Decommissioned cooling towers sit behind power lines at the Three Mile Island nuclear power plant in Middletown, Pennsylvania, on March 18, 2011.

Photographer: Andrew Harrer/Bloomberg

As Exelon Corp. shutters some of its nuclear reactors and keeps others running amid competition from cheap natural gas, its most notorious plant remains in limbo: Three Mile Island.

Exelon is considering steps that might stem losses at the Pennsylvania power station, Chief Executive Officer Chris Crane said in an interview Wednesday. Three Mile Island failed to win contracts in the last two regional auctions for electric generating capacity. The plant has had only one reactor operating since 1979, when Unit 2 partially melted down during the worst accident in the history of U.S. commercial nuclear energy.

Exelon’s fleet of nuclear plants, the nation’s largest, have come under competitive pressure from renewable energy and a flood of natural gas from shale formations. The gas glut has sent prices for the fuel tumbling, pummeling nuclear generators amid weak demand and rising operational costs.

“We hope something comes to fruition before more plants get shut down,” Crane said Wednesday at the company’s analyst day in Philadelphia.

The company plans to close the Clinton and Quad Cities plants in Illinois after they lost $800 million over the past seven years and state lawmakers failed to pass legislation to raise the reactors’ revenue. While the process of closing the plants has begun, the decision could be reversed as late as December if a bill is passed.
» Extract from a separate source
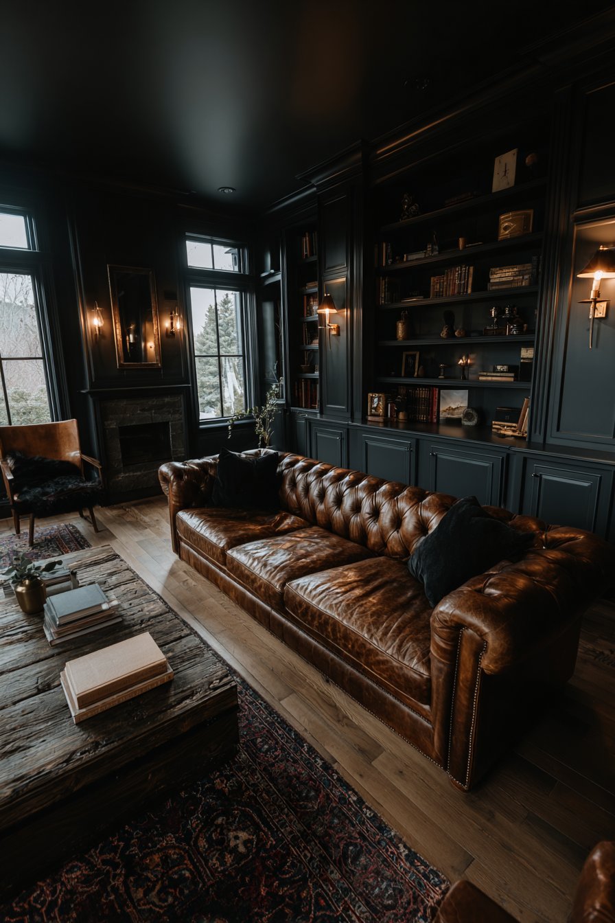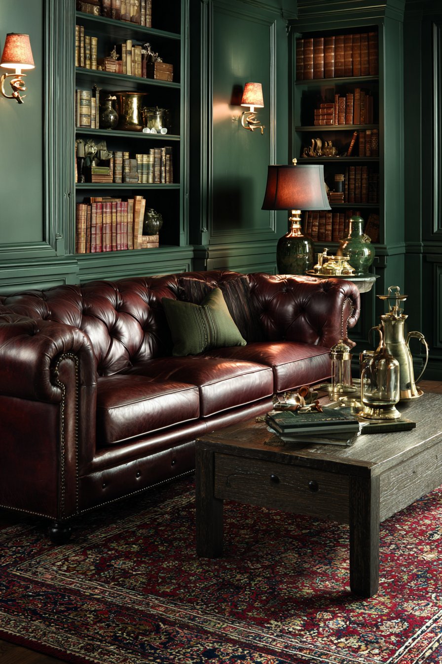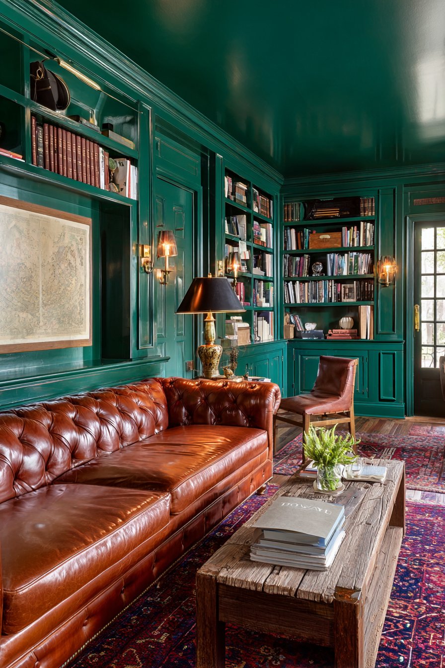 Deep, saturated living room color ideas featuring forest green walls create moody, sophisticated spaces that envelope you in rich color. This bold approach challenges the conventional wisdom that living rooms must be light and bright, instead embracing the intimacy and drama that dark colors can provide. The cognac leather Chesterfield sofa offers rich contrast against the forest green backdrop, its warm brown tones and traditional silhouette creating a classic pairing that feels both masculine and refined.

Lawmakers are scheduled to meet for six days after this year’s election, Crane said.

Exelon will keep two of its New York plants operating and buy a third from Entergy Corp. after state regulators approved nuclear subsidies totaling about $500 million year, the company said earlier this month. The financial aid is based in part on the U.S. government’s estimate of the social cost of heat-trapping carbon dioxide emissions, a formula that might be applied in other states or in wholesale power markets, Crane said.